輪生(またはそう見える)葉っぱシリーズ。ヨツバヒヨドリ(葉っぱがギザギザ)のほかに…

ヤナギラン
クガイソウ
ツリガネニンジン

道を彩るその他の花(写真のほかに、コケモモ、クロマメノキの花も咲いていました。)

ミヤマニガイチゴ
シロバナノヘビイチゴ(私の好物)
ショウジョウバカマの種
グンナイフウロ
グンナイフウロ
グンナイフウロの葉
ヤハズハンノキ(近くにヤシャブシもありました。)
ムラサキヤシオツツジ(トウゴクミツバツツジは見当たらず。)
カクミノスノキ(ツツジ科)
ゴゼンタチバナ
オオヤマフスマ
ベニバナイチヤクソウ
レンゲツツジ(笹よりも上に伸びて咲いています。)

さあ、頂上が見えてきました。この辺からの植物は、いかにも高山植物の雰囲気を醸し出しています。特にタカネニガナは岩場に似合っていました。コキンレイカ(ハクサンオミナエシ)、シモツケ、イワインチン、ヤマハハコ。イブキジャコウソウの葉っぱがありました。シャジクソウも咲いていました。

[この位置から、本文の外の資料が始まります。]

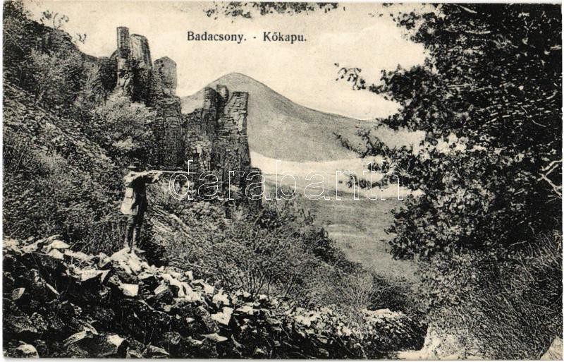 Badacsony, Kőkapu, vadász puskával. Mérei Ignác kiadása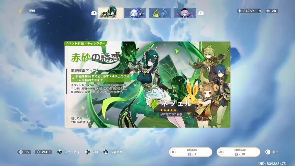 10連7回目、すり抜け回避演出で無事にネフェルお迎えできた(^^) #原神 #サブ垢 #完全無課金 pic.x.com/Q8yDkgRQzz

小烏帽子岳頂上から烏帽子岳頂上方面。(湯の丸側にガスがかかっている。)
小烏帽子岳頂上付近から反対側を見る。
コマクサ(高山植物の女王)
シモツケ(高原の女王)
ハバヤマボクチの葉(葉の裏は白い)
ゴヨウマツの雌花
キジムシロ(標高2000mのところでは私が見る限りミツバツチグリは見つかりませんでした。)
コキンレイカ(ハクサンオミナエシ)
タカネニガナ
ツガザクラ
ウスユキソウ
ムカゴトラノオ
スズラン
グンバイヅル

頂上付近にクロマメノキがたくさんあり、ミヤマモンキチョウが飛ぶといいなと思いました。

??
この虫はいったいどうなっているの?

頂上に着きました。先生がお湯を沸かして美味しいコーヒーを作ってくださいました。菅平のときもそうでしたが、絶景を見ながらコーヒーを飲むなんて最高ですね。2頭のキアゲハが飛んでいました。ガスが晴れたときに、目の前には湯ノ丸山が見えました。普段高山蝶の保護活動のときに見ている山を裏側から見ている形です。反対側では上田方面の街並みが見えました。そんなお天気の中、先生が「ブロッケン現象」の話をしてくださいました。山のお話はとても興味深いです。想像するのが難しかったのですが、今思えば、私は飛行機で見たことがありました(楽してすみません)!

標高2066m

頂上から少し下がったところから。長野原の山々(浅間隠山など)が見えます。残念ながら富士山は見えませんでしたが、雲の合間からでも十分に景色を楽しむことができました。

長野原方面

烏帽子岳は古い山なので、木の種類も豊富です。途中で、蝶が飛んできて、先生がヤマキマダラヒカゲだとおっしゃいました。あまりにも飛ぶのが速いので写真も撮れなかったのですが、先生のザックに降りてきて長い間とまってくれたので、模様がよく確認できました。


気になる木(要確認)
ヤマキマダラヒカゲ(似たものにサトキマダラヒカゲがある。)

最後に、いつもの、おっと思わせる植物シリーズです。

ハクサンチドリ(ノビネチドリ、テガタチドリと合わせて3兄弟)
ミヤマハンショウヅル(上品な色合いです。)


先生には年季の入ったストックを貸していただきました。富士山や槍ヶ岳に登られたときにも使われたそうです。とても助かりました!来年はスミレがたくさん咲いているときにもう一度烏帽子に行ってみたいです。